それなのに、エルヴィーノ自身の魔力だけで奴隷化した上に解除まで、それも2人続けておこなったというのだから信じられない。
しかも、それをおこなったエルヴィーノは魔力切れを起こしたように見えないのだからなおさらだ。
「結構疲れたな……」
「疲れた程度で済んでいる時点でおかしいわ!」
ビビアーナは知らないだろうが、自分はダークエルフだ。
エルフは身体能力は低いが、それを補うように魔力が豊富な人種だ。
ダークエルフもエルフの一種。
そのため、魔力には自信がある。
とはいっても、2人を奴隷化・解除したのは結構疲れた。
そのことを呟くと、ビビアーナはすぐさまエルヴィーノにツッコミを入れてきた。
「あう~!」
「……あぁ、ありがとな……」
「あ~♪」
エルヴィーノの疲れたという言葉に反応したのか、膝の上に座っているオルフェオがポンポンと腕を叩いてくる。

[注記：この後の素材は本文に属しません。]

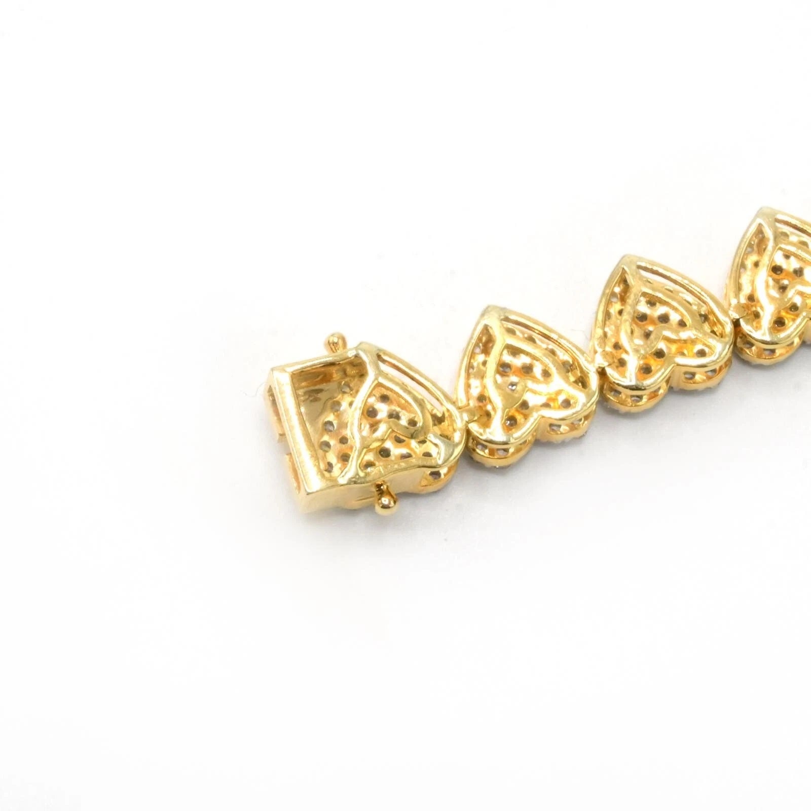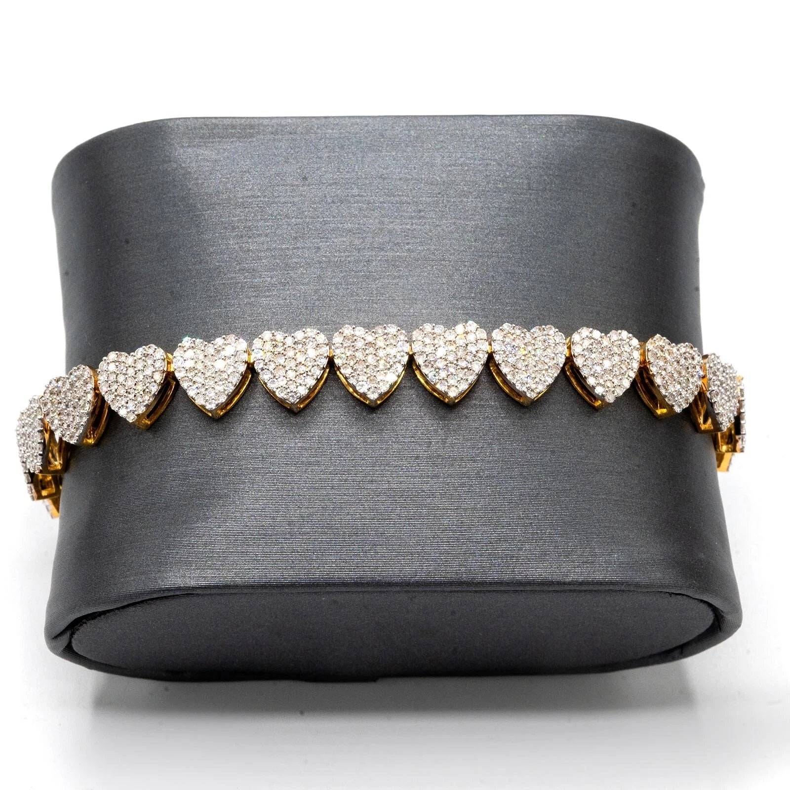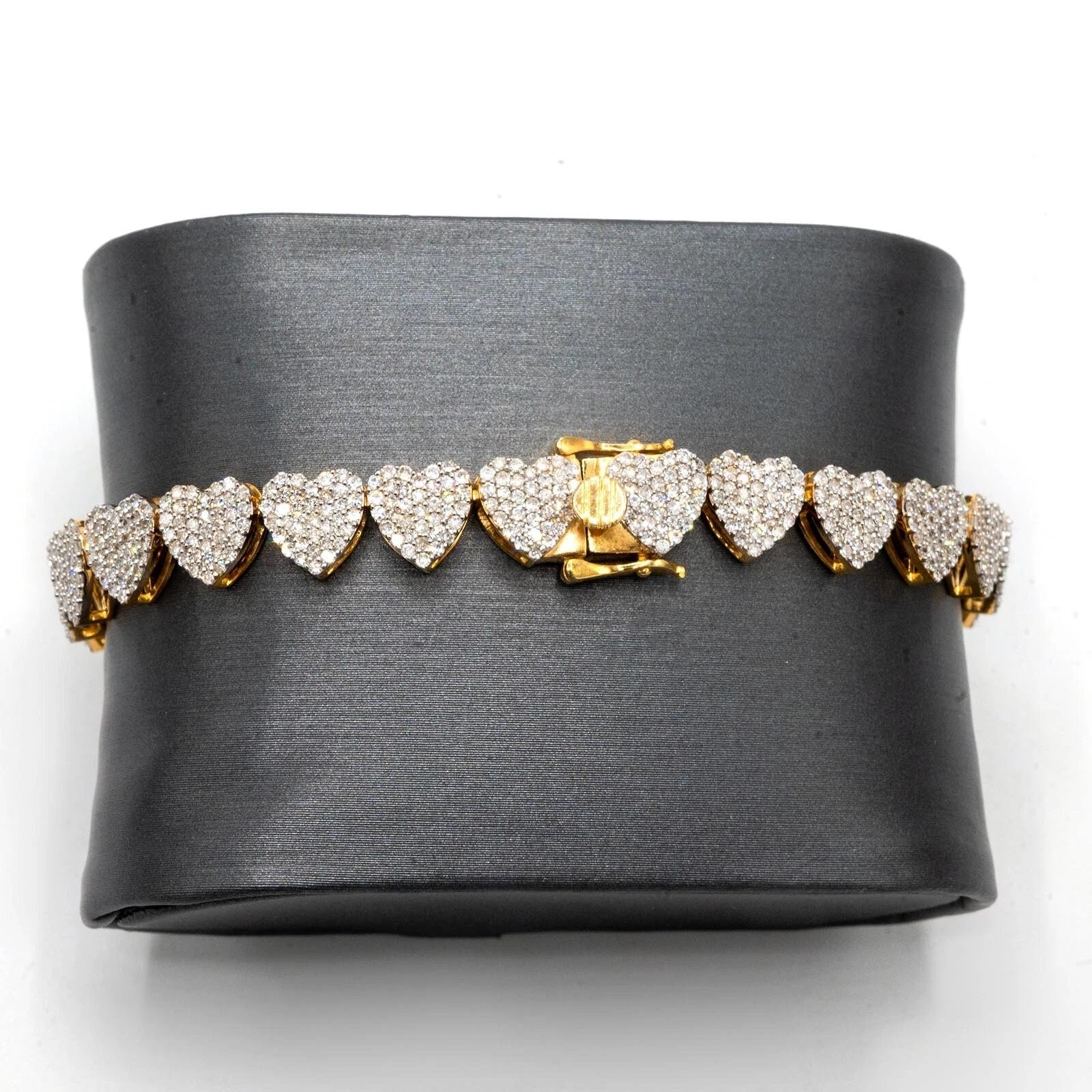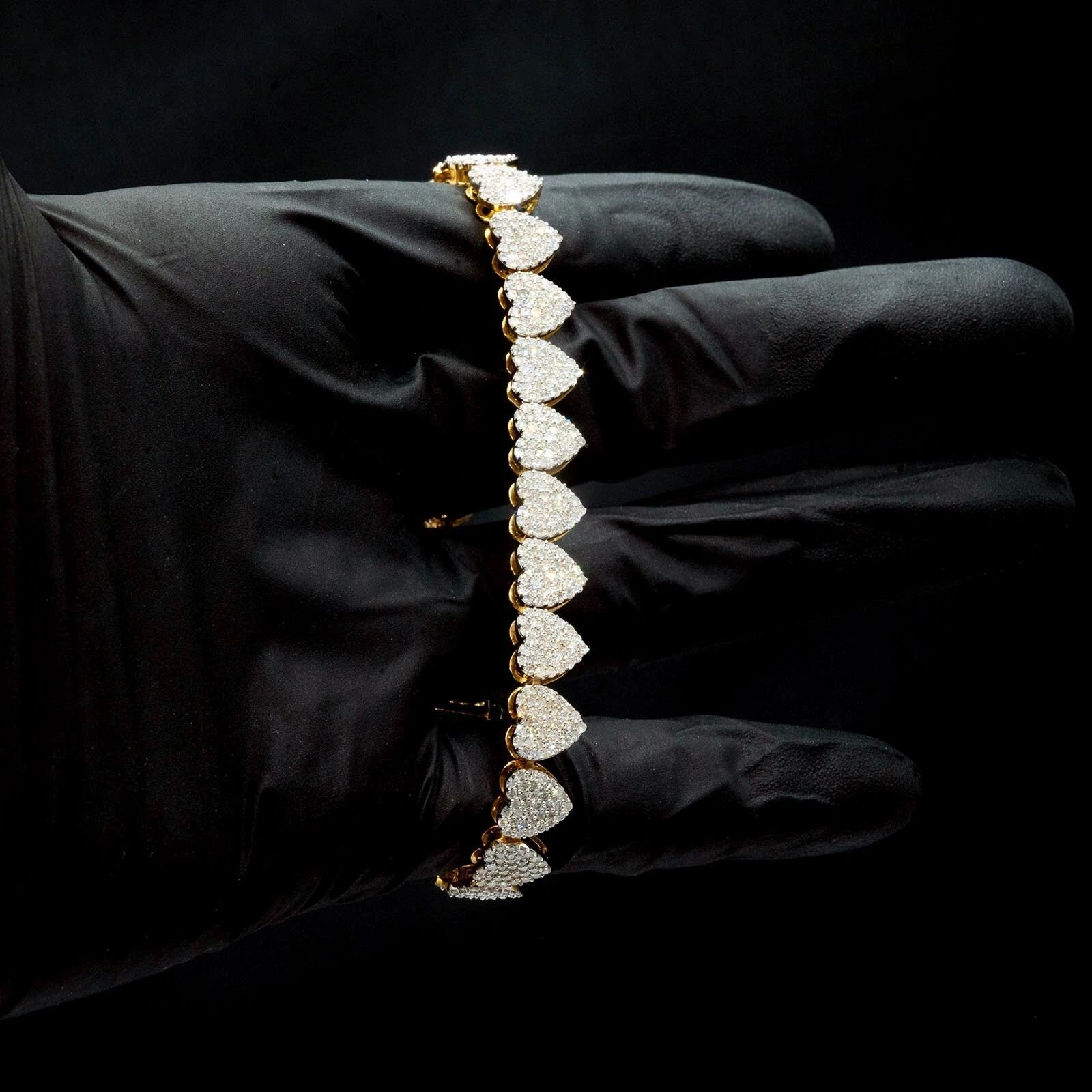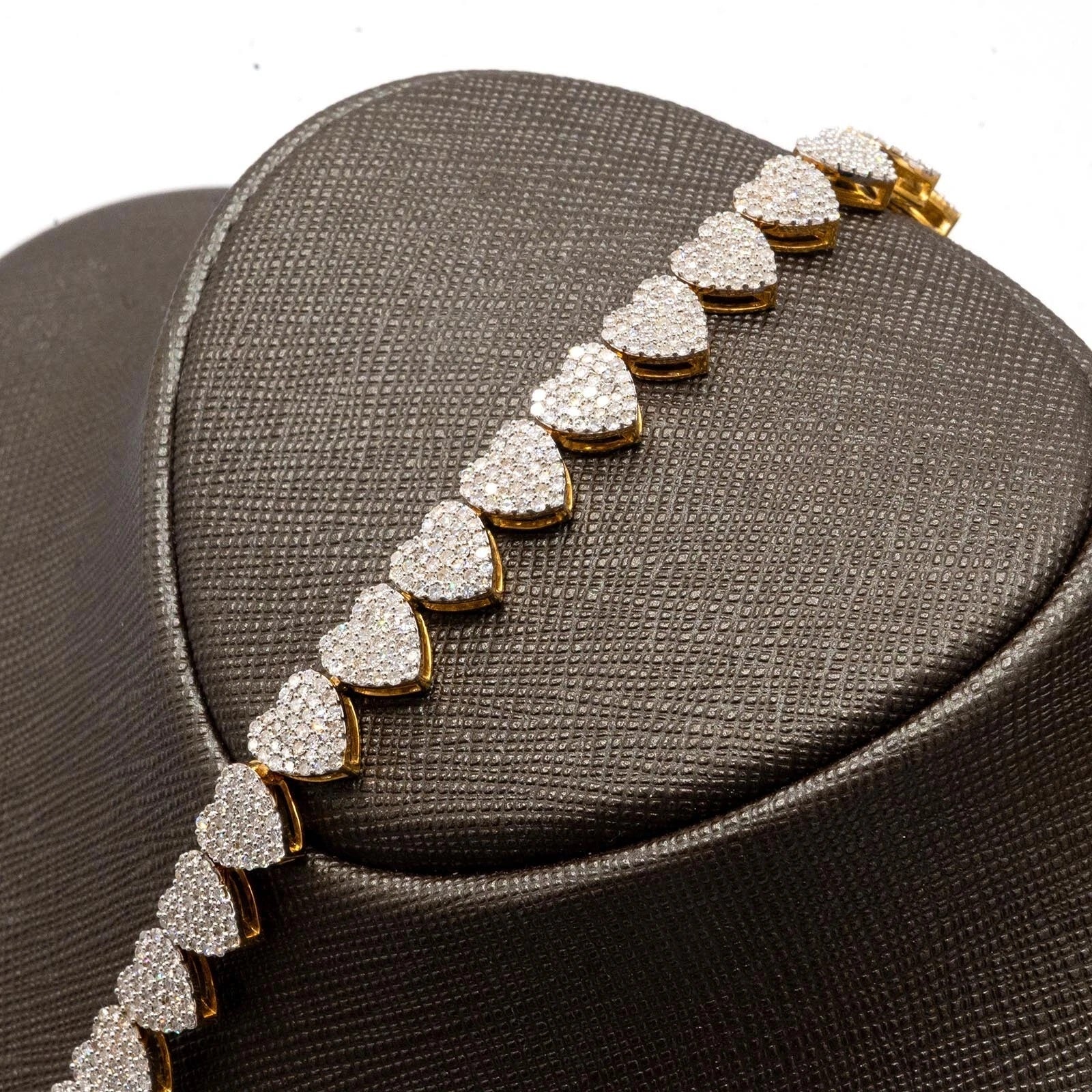 This 7.5MM 10k Yellow Gold 4.12 CTW Diamond Heart Tennis Bracelet by SB Jewelers is a stunning piece of fine jewelry perfect for special occasions like anniversaries, birthdays, engagements, and more. The bracelet features a polished finish and is professionally tested and stamped for quality assurance. The natural diamonds have a color grade of H-I and a clarity grade of SI, making them sparkle beautifully in the light. The armlet is 7 inches in length and weighs 15.03 grams, showcasing the luxurious craftsmanship and attention to detail. Additionally, this bracelet comes in a complimentary premium jewelry box, making it a perfect gift for both mothers and fathers.
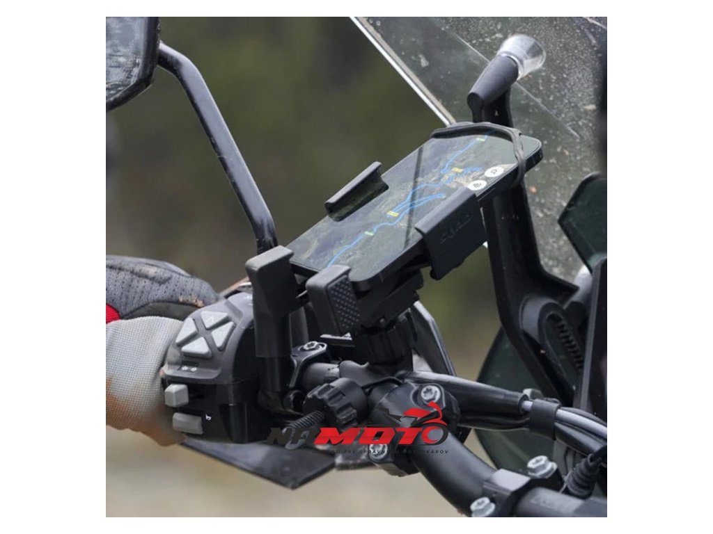 Držák je dostupný ve dvou variantách - s objímkou na řidítka (X0SG00H), nebo s úchytem pod zrcátko (X0SG00M). V případě varianty s uchycením pod zrcátko, jsou součástí balení dva adaptéry na matici M8 a M10, podle vašeho motocyklu.
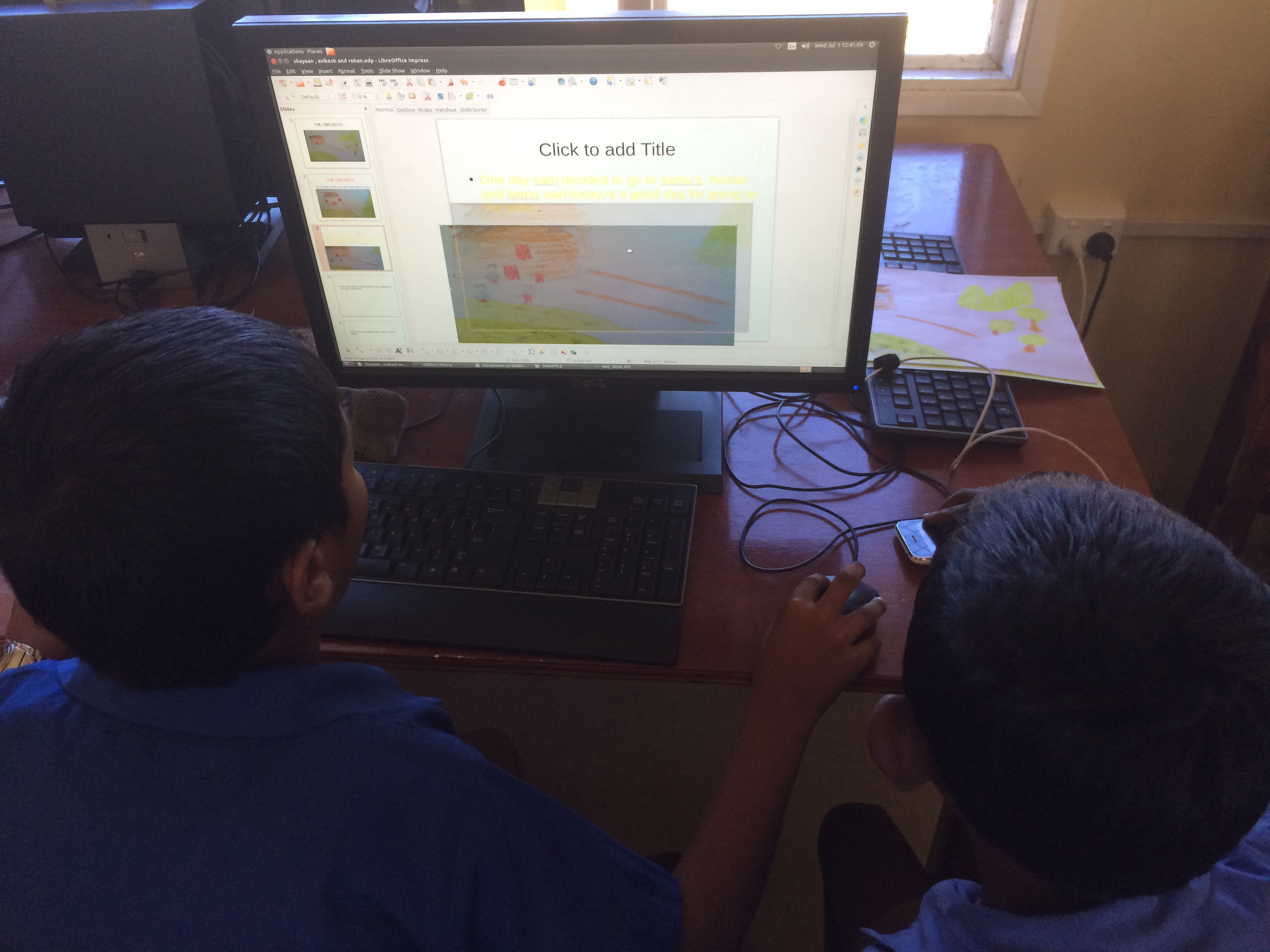 The first training sessions covered basic use of the computer hardware and how the Edubuntu system worked. They also went through some pre – loaded programs like Tux Math, Tux Typing and Tux Typing to get the teachers started. The teachers were showed how to access programs in Libre office. This is a powerful office suite that includes: Writer (word processing), Calc (spreadsheets), Impress (presentations), Draw (vector graphics and flowcharts), Base (databases) and Math (formula editing). Most of the time was spend on word processing. Teachers also had the chance to explore the educational potential of Scratch that can be used to create games and a range of other digital artefacts. A highlight was showing teachers how to access and develop research activities with the SEE box.
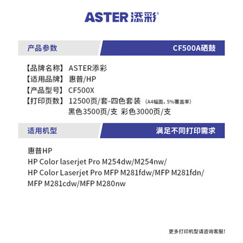 添彩202a硒鼓带芯片适用惠普m281fdw硒鼓 m254dw m254nw m281fdn m280nw打印机粉盒 cf500a墨盒 加大容量蓝色

どうやら、慰めてくれているように感じたエルヴィーノは、感謝の言葉と共に頭を撫でた。
エルヴィーノに撫でられ、オルフェオは嬉しいそうな声を上げた。
「それで? 聞き出した情報を教えてくれませんか?」
エルヴィーノが昨日捕まえた2人を奴隷化・解除をしたのは、最近この町で起きている誘拐事件につながる情報を彼らから情報を聞き出すためだ。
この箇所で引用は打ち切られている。